When we first hear terms like “Artificial Intelligence” (AI) and “Deep Learning,” we tend to judge them with a set of preconceived ideas generated by a sensationalist media and a plethora of Hollywood films. It is easy to assume that anything produced by Artificial Intelligence is extremely complicated, and kind of scary – whether that be chess playing computers, driverless cars, or humanoid robots like Sophia; the first robot to receive citizenship of any country. However, I hope to convince you that (at least for now) Artificial Intelligence is deceptively simple and that there is really nothing that scary going on under the hood in most instances of AI.
By now we are quite used to computers performing basic mathematical operations like multiplying or dividing much faster than us—this doesn’t scare us. We understand that the structure of computers allows them to make calculations like these extremely quickly and that our pocket calculators certainly don’t need to be conscious to find the square root of 158. I would like to argue that we should feel the same way about most of the things AI is doing today.
Let’s take the case of an Artificial Neural Network learning how to identify the emotion shown on a human’s face. Without any specialist knowledge, this seems like a daunting task, and the thought of the computer learning about emotions might give us reason to consider it conscious – however this is simply not the case.
An Artificial Neural Network (ANN) despite originally being inspired by the brain, actually bears almost no resemblance to the brain whatsoever. At heart, it is more like a glorified calculator. We can think of an ANN as a function which converts an input to an output. In this case, it would be converting an image into a label. The way it connects the image to the label is to simply multiply the values of each pixel by some parameters which we can think of as tuneable dials. (There is also some non-linearity in there, which again sounds complicated but is often as simple as converting any negative values to 0.)

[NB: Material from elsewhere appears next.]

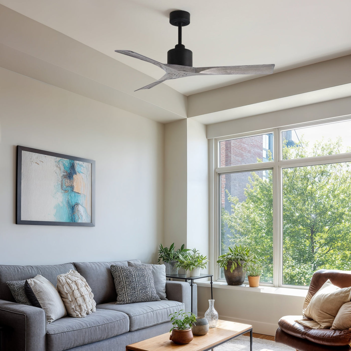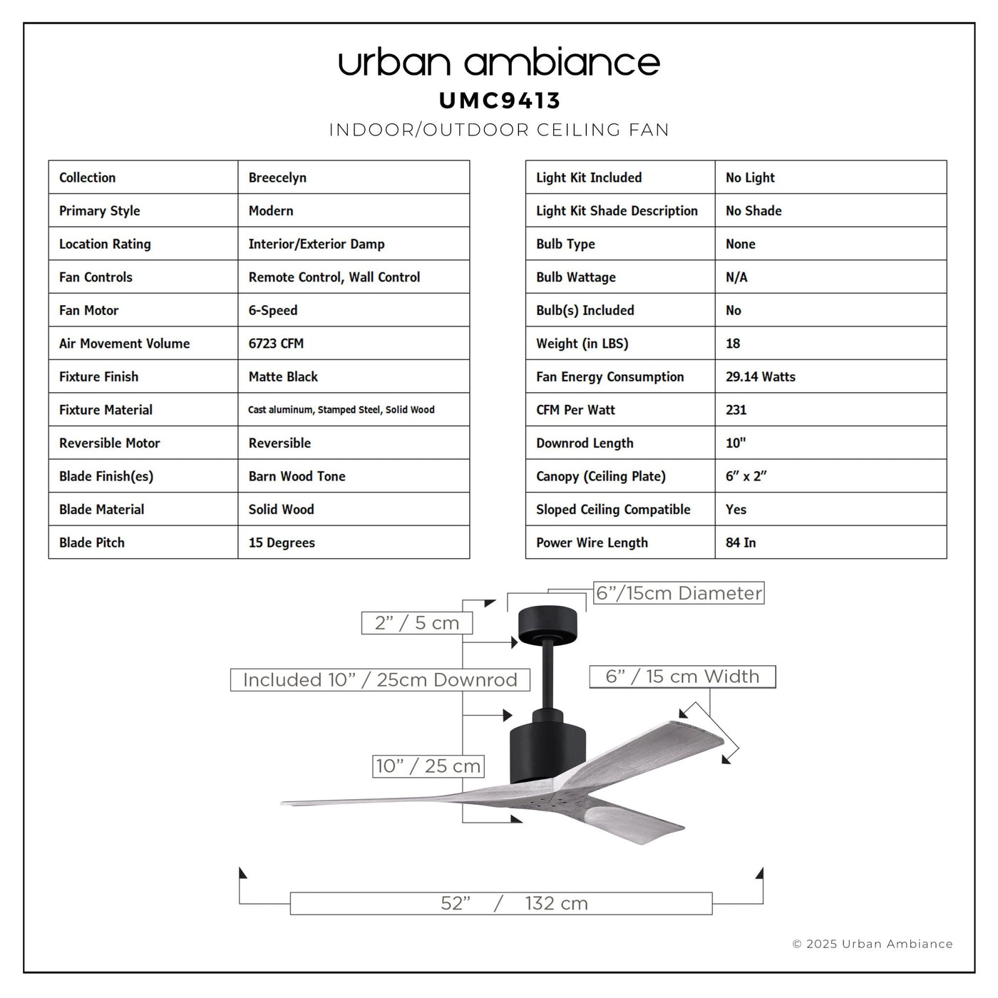 UMC9413 Modern Indoor/Outdoor Ceiling Fan, 12" (Plus Downrod) H x 52" W x 52" D, Matte Black Finish, Breecelyn Collection

When an ANN first begins its task of predicting an emotion from a picture of a face, it tunes these dials randomly, and so the first guess probably isn’t going to be very good. In order to make a better guess it “learns” by looking a few thousand pictures of faces. The actual “learning” is done by checking how far off its prediction was from the true label, and tuning the dials so that this distance is minimized. This process is called optimization and usually taught to students during high school.
That’s all there is to it folks. Almost all AI in the world today can be explained in terms like these, and so we shouldn’t think of Jesse the Driverless Car, Deep Blue the Chess Playing Computer or Sophia the Hong Kongese Robot as anything more than glorified calculators with arms and wheels.
Rohin Berichon was a recipient of a 2018/19 AMSI Vacation Research Scholarship.